Стало у Ильяса 200 голов лошадей, 150 голов рогатого скота и 1200 овец. Работники пасли табуны и стада Ильясовы, и работницы доили кобылиц и коров и делали кумыс, масло и сыр. Всего было много у Ильяса; и в округе все завидовали Ильясовой жизни. Люди говорили: «Счастливый человек Ильяс: всего у него много, ему и умирать не нужно». Стали Ильяса знать хорошие люди и с ним знакомство водить. И приезжали к нему гости издалека. И всех принимал и всех кормил и поил Ильяс. Кто бы ни пришел, всем был кумыс, всем был чай, и шерба, и баранина. Приедут гости, сейчас бьют барана или двух, а много наедет гостей, бьют и кобылу.
Детей у Ильяса было два сына и дочь. Женил Ильяс сыновей и выдал дочь замуж. Когда беден был Ильяс, сыновья работали с ним и сами стерегли табуны и овец, а как стали богаты, начали сыновья баловаться, а один стал пить. Одного, старшего, в драке убили, а у другого, меньшого, попала сноха гордая, и стал этот сын отца не слушаться, и пришлось Ильясу отделить его.
Отделил его Ильяс, дал ему дом и скотины, и убавилось богатство Ильясово. И скоро после этого напала болезнь на овец Ильясовых, и попадало много. Потом вышел голодный год — сено не родилось: поколело много скота в зиму. Потом косяк лучший киргизцы отбили, и стало Ильясово именье убывать. Стал Ильяс падать ниже и ниже. А сил стало меньше. И дошел к 70 годам Ильяс до того, что стал распродавать шубы, ковры, седла, кибитки, потом и скотину стал продавать последнюю, и сошел Ильяс на нет. И сам не видал, как ничего не осталось, и пришлось на старости лет идти с женою жить в люди. Только и осталось у Ильяса именья, что платье на теле, шуба, шапка и ичиги с башмаками, да жена, Шам-Шемаги, тоже старуха. Сын отделенный ушел в далекую землю, а дочь померла. И помочь старикам было некому.
Пожалел стариков их сосед Мухамедшах. Сам Мухамедшах был ни беден, ни богат, а жил ровно и человек был хороший. Вспомнил он хлеб-соль Ильясову, пожалел его и сказал Ильясу: «Приходи,— говорит,— ко мне, Ильяс, жить и с старухой. Лето по силе своей мне работай на бахчах, а зимой скотину корми, а Шам-Шемаги пусть кобыл доит и кумыс делает. Кормить, одевать буду вас обоих, и, чего вам нужно, вы скажите, я дам». Поблагодарил Ильяс соседа и стал жить с женою в работниках у Мухамедшаха. Сначала тяжело показалось, а после приобыкли, и стали старики жить и по силе работать.

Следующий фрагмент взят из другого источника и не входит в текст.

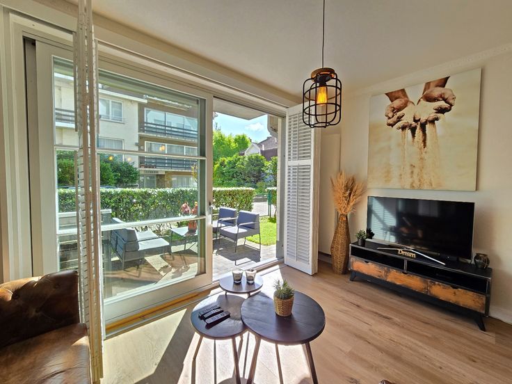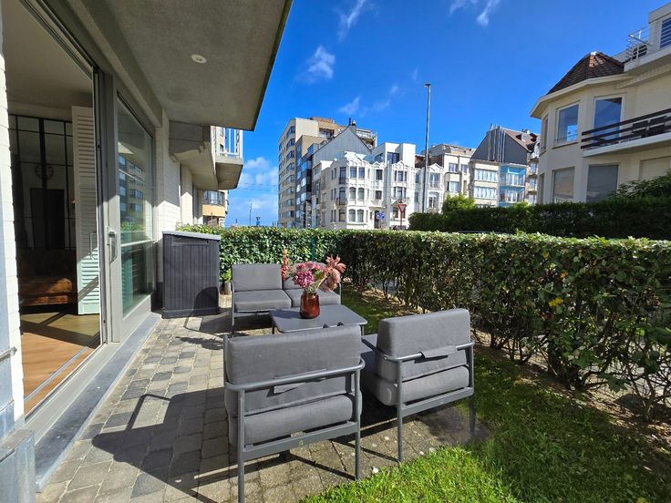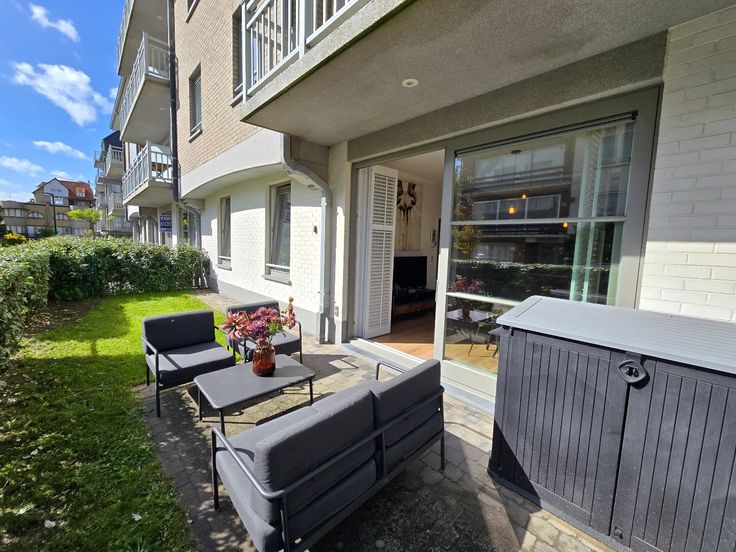 Knus gelijkvloers appartement met groot terras en afgesloten tuin. Het appartement bevindt zich in de standingvolle residentie Olympia (Bj '09) op enkele stappen van de Zeedijk en vlakbij het centrum van De Panne. Het appartement biedt u: inkomhal met wc en vestiaire / berging met wasmachine en droogkast, woonkamer met vernieuwde keuken, toegang tot het grote terras en tuin, 2 slaapkamers en badkamer met dubbele lavabo en douche. Bijhorende kelder in de ondergrondse en gemeenschappelijke fietsenstalling. Elektrische installatie conform en vernieuwde CV-ketel met wifi aansturing. Gemeubelde verkoop.
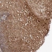- Immunohistochemical staining of human esophagus with TEX13B polyclonal antibody (Cat # PAB21926) shows strong cytoplasmic and nuclear positivity in squamous epithelial cells at 1:20-1:50 dilution.
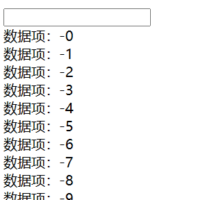 import React, { useCallback, useState } from 'react'const index: React.FC = () => { const [list, setList] = useState<any[]>([]) const handleSearch = useCallback((value: string) => { const newList = [] for (let i = 0; i < 5000; i++) {newList.push(value + '-' + i) } setList(newList) }, []) return (<> <input onChange={(e) => handleSearch(e.target.value)} type='text' /> <div>{list.map(item => <div key={item}>數據項:{item}</div>)} </div></> )}export default index當我們進行持續的輸入時是十分的卡頓的,效果如下:
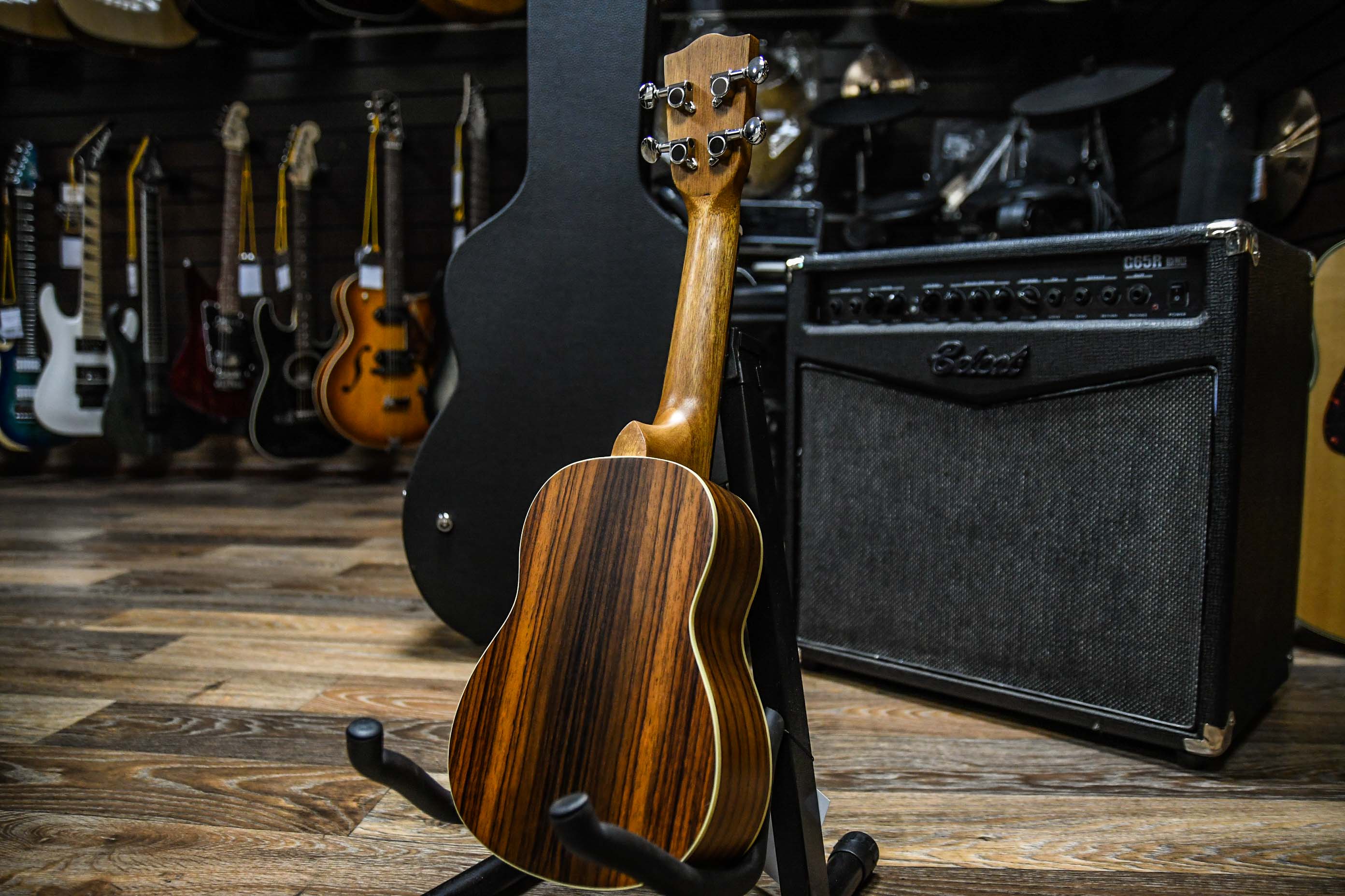 Гриф инструмента произведен из палисандра и дерева Нато (порода красного дерева), а корпус – из меранти, основной цвет которой и преобладает в палитре этой модели. Благодаря матовому натуральному покрытию легко поддается уходу и дольше сохраняет опрятный внешний вид. Звучание – звонкое и задорное, гораздо более чистое, чем у многих других моделей укулеле в этой же ценовой категории.
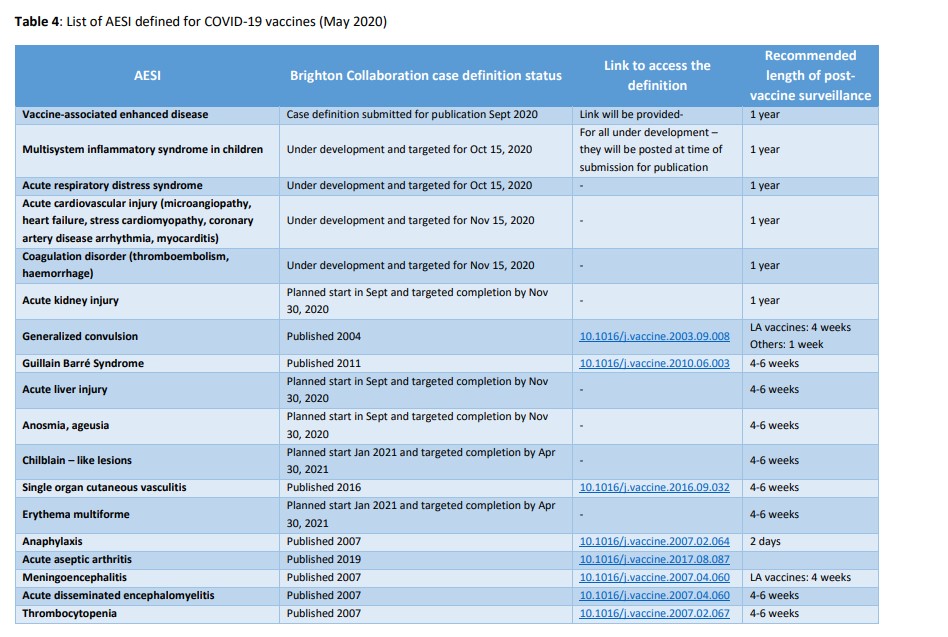 En outre, ainsi que le souligne Aurélie Grandvuillemin, "cette annexe est particulièrement longue car elle compile tous les termes que Pfizer a considéré comme des AESI, liste qui regroupe elle-même plusieurs listes, bien au-delà des listes plus courtes telles que celle proposée initialement par l'OMS". Cette dernière, en date de mai 2020 et relative aux "AESI définis pour les vaccins contre le Covid-19", tient en effet sur une seule page, sous la forme d'un tableau comportant une quinzaine d'entrées.

Хозяину выгодно было таких людей держать, потому что старики сами хозяева были и все порядки знали и не ленились, по силе работали; только жалко бывало Мухамедшаху смотреть, как такие высокие люди на такую низкую ступень пали.
И случилось раз, приехали к Мухамедшаху сваты, далекие гости; пришел и мулла. Велел Мухамедшах поймать барана и убить. Ильяс освежевал барана и сварил и послал гостям. Поели гости баранины, напились чаю и взялись за кумыс. Сидят гости с хозяином на пуховых подушках, на коврах, пьют из чашек кумыс и беседуют, а Ильяс убрался с делами и прошел мимо двери. Увидал его Мухамедшах и говорит гостю:
— Видишь ты, этот старик прошел мимо двери?
— Видел,— говорит гость,— а что же в нем удивительного?
— А то в нем удивительного, что это наш первый богач был — Ильясом звать, может, ты слышал?
— Как не слыхать,— говорит гость,— видать не видал, а слава его далеко была.
— Так вот теперь ничего у него не осталось, и живет он у меня в работниках, и старуха его с ним же, кобыл доит.
Подивился гость, пощелкал языком, помотал головой и говорит:
— Да, видно, так счастье перелетает, как колесо; кого вверх поднимает, кого вниз опускает. Что же,— говорит гость,— тоскует, я чай, старик?
— Кто его знает, живет тихо, смирно, работает хорошо.
Гость и говорит:
— А можно поговорить с ним? Расспросить бы его про его жизнь.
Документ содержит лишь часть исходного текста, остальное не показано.